Though many people are cautious about the foods and medicines that we knowingly put in our bodies, we are also constantly interacting with materials we do not see in the atmosphere. The government has put in safeguards to protect the American public from the many invisible toxic chemicals that pervade the areas surrounding industrial activity, but for some populations, these laws and regulations have not been enough. Although The Toxic Substances Control Act of 1976 (TCSA) aims to restrict the use of chemical substances, Washington shows the ways that implementation of such safeguards have failed in vulnerable communities. She demonstrates how the toxic chemicals are causing permanent brain damage in residents of communities of color who disproportionately live in close proximity to the source of the chemicals. A Terrible Thing to Waste sheds light on the effects toxic pollution can have on the brain, which differs from the bulk of public health research on physical manifestations of toxic pollution like cancers of the heart and lungs. Washington’s book builds on the foundation of decades-long concern for the much more invisible but all the more important effects that chemicals have on brain function and intelligence.

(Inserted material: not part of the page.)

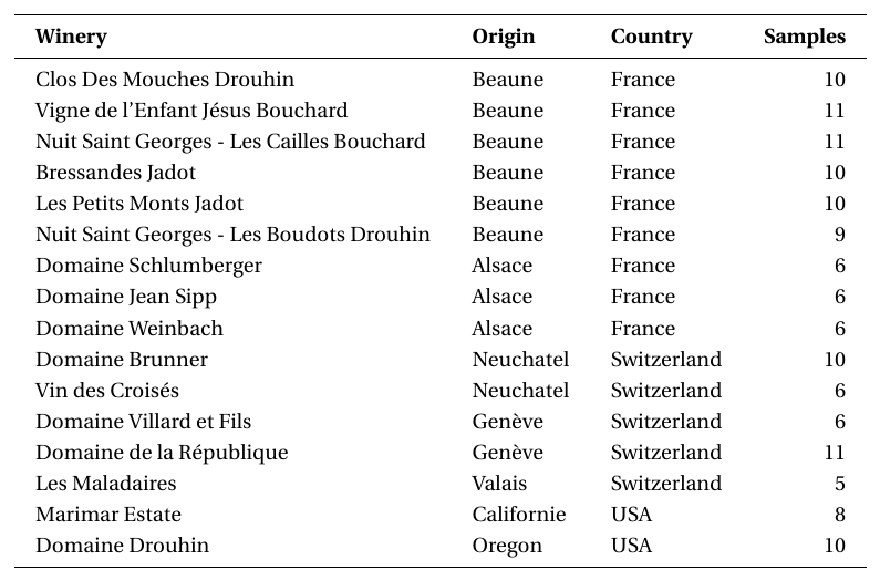 In this section, we focus on the classification of Pinot Noir wine samples. The goal is to predict the winery, origin, country, or continent of each sample based on its GC-MS chemical profile.

Washington challenges the common belief  that IQs are innate, and instead argues that the air people breathe has a direct correlation with how their brains function. Communities of color are more likely to live in toxic environments, which helps explain the 15-point gap between the average IQs of U.S. African Americans and whites (pg. 6). Average IQs are not lower in African American communities because African Americans are not as inherently smart as their white counterparts, but because they are living in proximity to more than 60,000 industrial chemicals that have never been tested for their effects on humans (pg. 13). The U.S. housing system has long placed African Americans together in polluted toxic environments, exposing them to the chemicals affecting the brain functioning. Washington’s book makes a strong argument for a shift in the collective consciousness about the harm done by racist housing policies. In short, Washington’s view is that IQ is not a measure of intelligence, but of environmental conditions.

One thing is increasingly clear about exposure to toxic chemicals–– no amount of exposure is insignificant. One small lead chip can be enough to significantly affect the health and wellbeing of a person, and the development of prenatal cognitive function can be severely impaired by exposure to toxins. For families raising children in these environments, there is often no option to move elsewhere. Surprisingly, the most polluted places in a child’s life could be their school. Over half a million poor and minority-group students attend schools in close proximity to contaminated sites. The Moton School in New Orleans, Louisiana, is one of many schools built on top of a landfill (pg. 15). 

On the one hand, Washington’s book reads as an exposure of the truth and a warning of the harm that toxic chemicals will continue to impose on human lives–– especially those of racial minority groups— if unchecked. On the other hand, the book serves as a resource for affected families, listing all known toxins to be aware of and outlining steps to take to keep schools, homes, and water and food supplies as free of heavy metals as possible. Since chemicals in the air can’t easily be seen, it can be hard to understand the harm that can be done by the smallest amount of chemical poisoning. This book serves to remind us all that the industries that are fueling our world have consequences, especially for our most vulnerable populations.

Washington leaves the reader with a sense of hope for the fight against environmental racism. As the title reminds us, the mind is a wonderful thing to save. We’ve closed IQ gaps in the past with as little effort as adding iodine to municipal water supplies. Since this issue especially affects communities of color, the root of the issue lies in racist housing laws that have long barred minority groups from the freedom to choose where to live and poorly enforced environmental laws that allowed industrial activity in close proximity to those very same communities.